=== Begin Enclosure ===

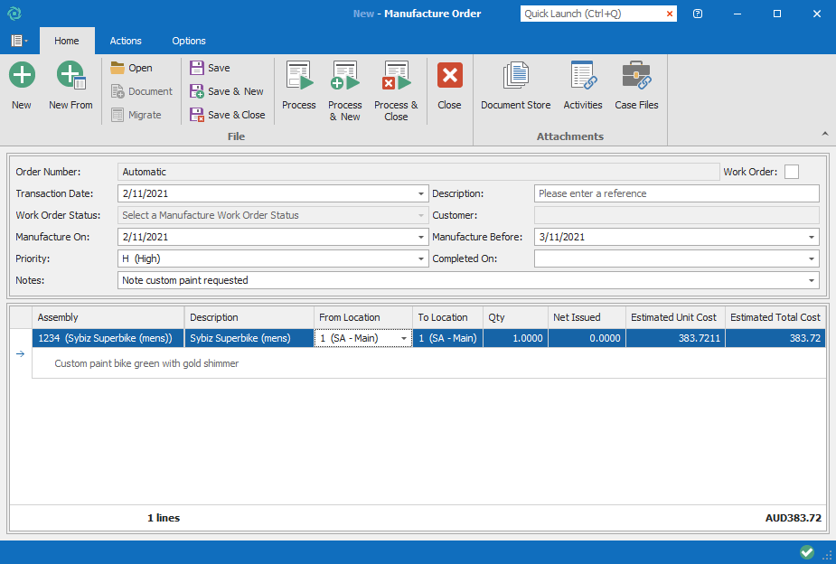 Users are now able to add line notes, such as basic recipe instructions, to first-level assemblies on manufacture orders. This new addition allows users to include specific information about particular assemblies on a per component level. Notes added then become part of the recipe definition for that order, extending more flexibility for custom manufacturing. Notes are optional and can be configured in settings. Once activated, notes are saved to the user state and can be seen in reports. (CR170333343)
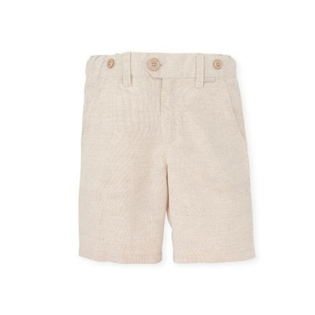 Bermuda khaki de niño confeccionada en lino, un tejido fresco y ligero ideal para el clima cálido. Su diseño clásico y cómodo ofrece un estilo versátil, perfecto para ocasiones casuales o más formales.
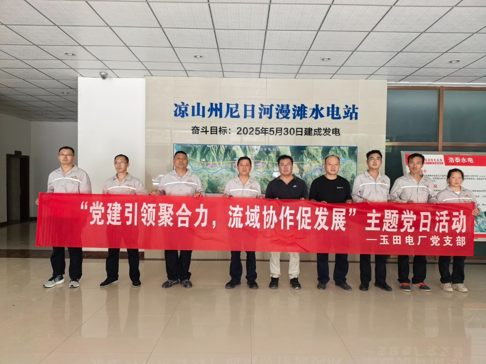為wei推tui動dong黨dang建jian與yu生sheng產chan經jing營ying深shen度du融rong合he,通tong過guo黨dang建jian引yin領ling企qi地di共gong建jian方fang式shi,強qiang化hua上shang下xia遊you水shui電dian站zhan協xie同tong效xiao能neng,近jin日ri,玉yu田tian黨dang支zhi部bu組zu織zhi黨dang員yuan幹gan部bu及ji入ru黨dang積ji極ji分fen子zi,赴fu尼ni日ri河he流liu域yu上shang遊you越yue西xi縣xian浩hao泰tai水shui電dian開kai發fa有you限xian公gong司si所suo屬shu在zai建jian漫man灘tan水shui電dian站zhan,開kai展zhan“黨建引領聚合力,流域協作促發展”企地共建主題黨日活動。
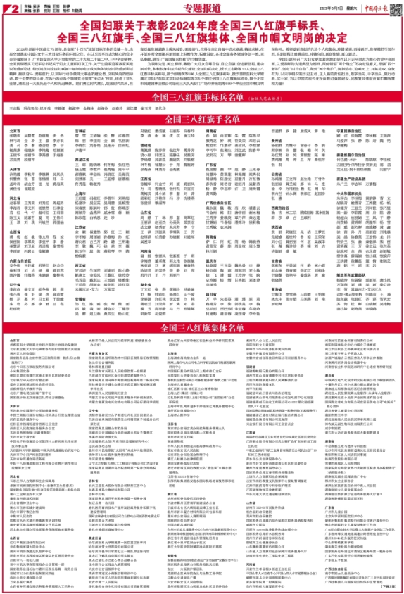 全國(guó)婦聯(lián)關(guān)于表彰2024年度全國(guó)三八紅旗手標(biāo)兵、全國(guó)三八紅旗手、全國(guó)三八紅旗集體、全國(guó)巾幗文明崗的決定
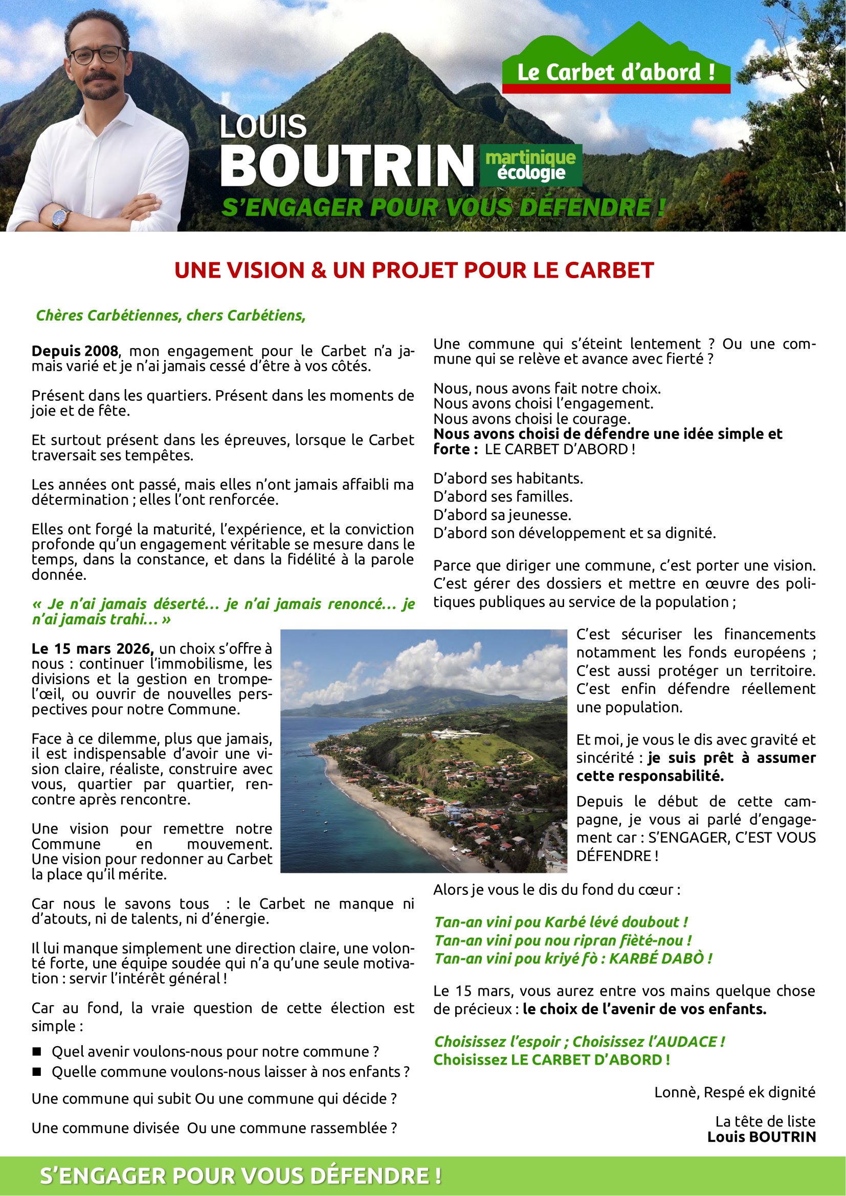 Depuis 2008, mon engagement pour le Carbet n’a jamais varié et je n’ai jamais cessé d’être à vos côtés.
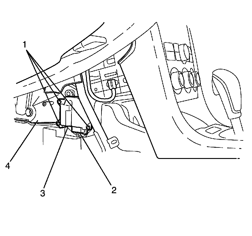 1. Remove the knee bolster. Refer to Knee Bolster Replacement (Service and Repair).
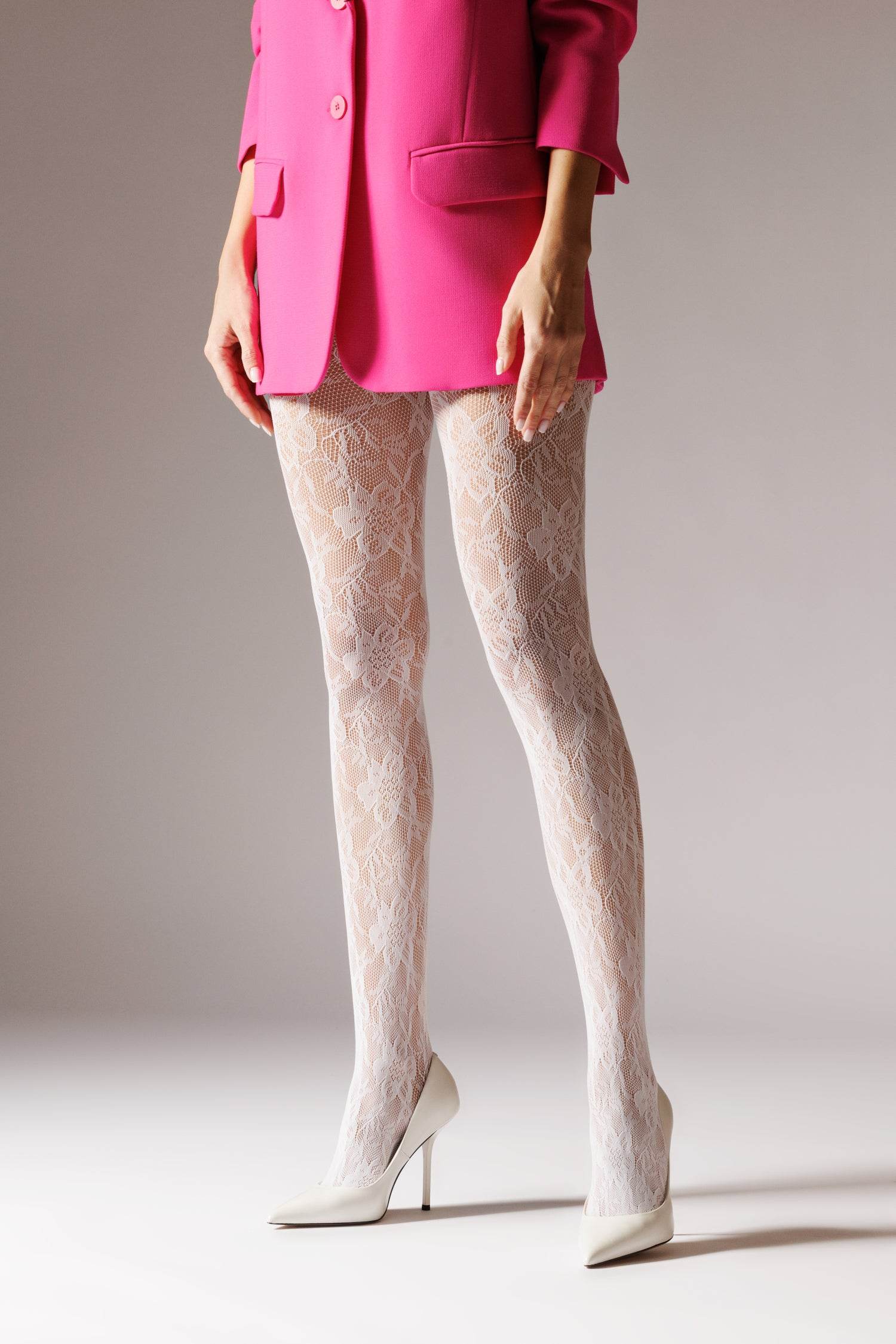 Dresuri din plasa cu efect macrame, model floral. Acest dres complimenteaza picioarele si ofera un aer romantic si senzual. Poate fi purtat cu rochii, fuste sau chiar cu sacouri oversized pentru un efect modern si indraznet.

=== End Enclosure ===

Your assignment: Restate exactly, and only, the lines from the one that holds "Bermuda khaki de" down to the last line of the material above. Omit the pictures.

Written response:
 Bermuda khaki de niño confeccionada en lino, un tejido fresco y ligero ideal para el clima cálido. Su diseño clásico y cómodo ofrece un estilo versátil, perfecto para ocasiones casuales o más formales.
為wei推tui動dong黨dang建jian與yu生sheng產chan經jing營ying深shen度du融rong合he,通tong過guo黨dang建jian引yin領ling企qi地di共gong建jian方fang式shi,強qiang化hua上shang下xia遊you水shui電dian站zhan協xie同tong效xiao能neng,近jin日ri,玉yu田tian黨dang支zhi部bu組zu織zhi黨dang員yuan幹gan部bu及ji入ru黨dang積ji極ji分fen子zi,赴fu尼ni日ri河he流liu域yu上shang遊you越yue西xi縣xian浩hao泰tai水shui電dian開kai發fa有you限xian公gong司si所suo屬shu在zai建jian漫man灘tan水shui電dian站zhan,開kai展zhan“黨建引領聚合力,流域協作促發展”企地共建主題黨日活動。
 全國(guó)婦聯(lián)關(guān)于表彰2024年度全國(guó)三八紅旗手標(biāo)兵、全國(guó)三八紅旗手、全國(guó)三八紅旗集體、全國(guó)巾幗文明崗的決定
 Depuis 2008, mon engagement pour le Carbet n’a jamais varié et je n’ai jamais cessé d’être à vos côtés.
 1. Remove the knee bolster. Refer to Knee Bolster Replacement (Service and Repair).
 Dresuri din plasa cu efect macrame, model floral. Acest dres complimenteaza picioarele si ofera un aer romantic si senzual. Poate fi purtat cu rochii, fuste sau chiar cu sacouri oversized pentru un efect modern si indraznet.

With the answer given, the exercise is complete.